The truth is that the "text" is a stranger among readers. The two are not the same. This being the case, the text is entitled to the kind of ethical treatment we would afford any other stranger among us. We have not the right nor the authority to treat the text any way we please. After all, this text is not just any text. It is the text of the Sovereign Divine. And we are His subjects, having a moral obligation to respect that which He has sent to us in the instrument we call the text of Scripture. Will we impose ourselves on the virtuous and holy text of God? Do we think to ourselves that we have the right to approach the text with the same light regard for it as we have for everything else in our culture? Or will we treat it with the dignity and respect that its nature demands?
Kevin J. Vanhoozer sums it up far more eloquently that I ever could:
Bereft of sound doctrine, the church is blown about by cultural fads and intellectual trends. Indeed, this has largely been the story of the church, and of theology, in the modern world.
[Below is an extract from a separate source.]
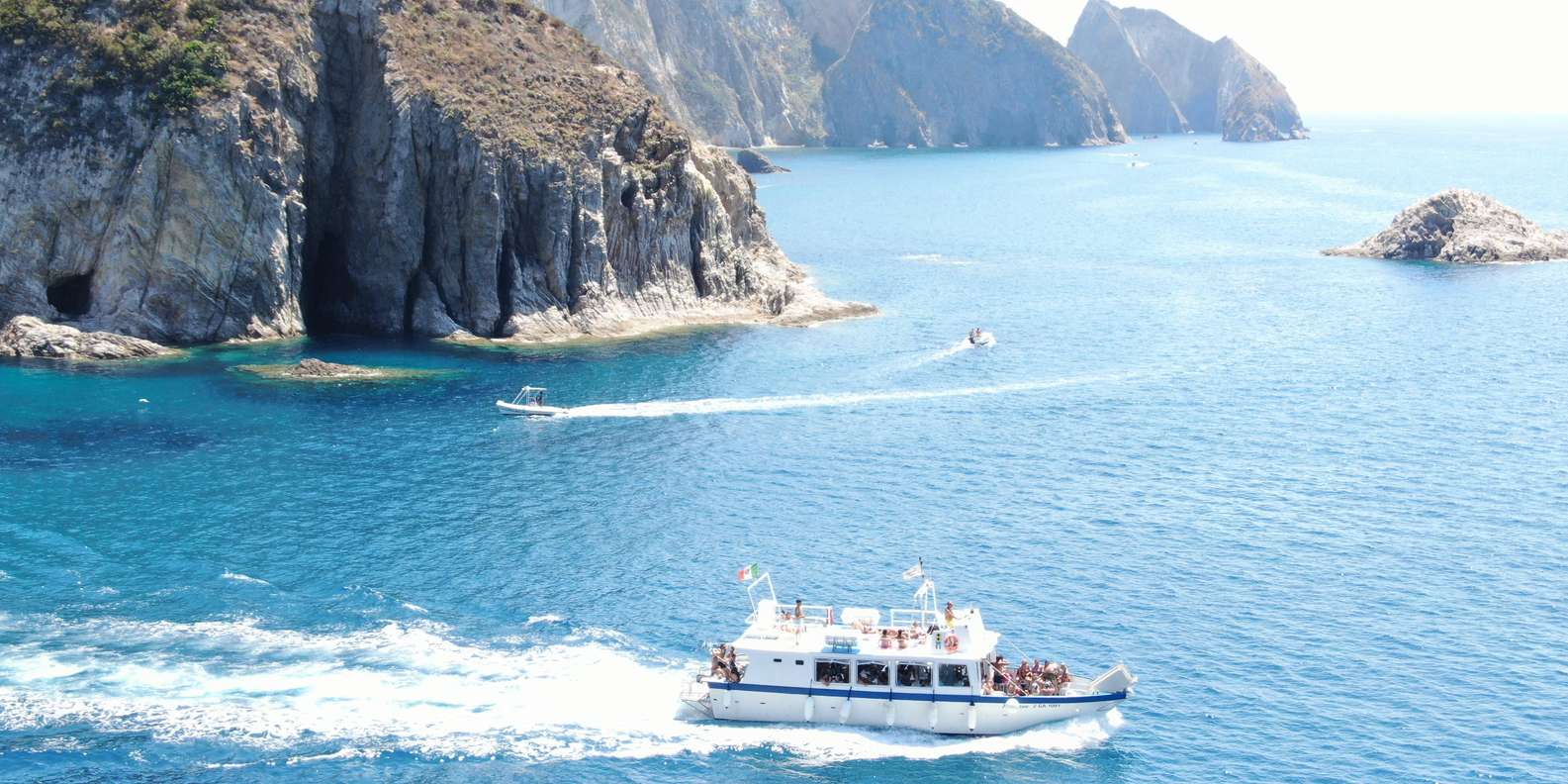 Diese Route mit einer weniger detaillierten Route als die Linienverkehre, die um eine einzelne Insel herum führen, ist die ideale Lösung für Touristen, die einen Panoramablick auf die beiden Inseln haben möchten. Von Molo Musco aus geht es zunächst an der Südostseite von Ponza entlang, mit einem Besuch der Pilatushöhlen, bis nach Capo Bianco. Von hier aus geht es in Richtung der Insel Palmarola. Die Fahrt dauert etwa 40 Minuten. Die Umrundung von Palmarola beginnt im Süden der Insel. Ein Halt am Strand "O' Francese" ist geplant. Sobald die Palmarola-Umrundung beendet ist, geht die Tour um Ponza weiter. Es geht weiter zur bezaubernden Bucht Lucia Rosa mit ihren eindrucksvollen Faraglioni, Cala Feola mit ihren natürlichen Pools, Cala dell'Acqua, Cala Fonte, Cala Felci, Cala Gaetano, Spaccapolpi, Cala Inferno, Cala del Core, Cala Frontone. Sobald die Route rund um Ponza abgeschlossen ist, kehren wir zum Hafen von Bourbon zurück.

There has been an atrophying of theological muscle as a result of too many correlations and accommodations to philosophical and cultural trends. [Vanhoozer, The Drama of Doctrine: A Canonical and Linguistic Approach to Christian Theology, pg. 3.]Without a Christian text, Christian theology is impossible. And without Christian theology, Christian living is impossible. Hence, without Christian living, the Christian God is reduced to irrationalism of the most profane sort. Let each one of us regard the text as holy, and the reader as fallible, sinful, selfish, contaminated with idolatrous desires which lead us away from the Creator who has full right to our obedience in all places, at all times, and in all circumstances.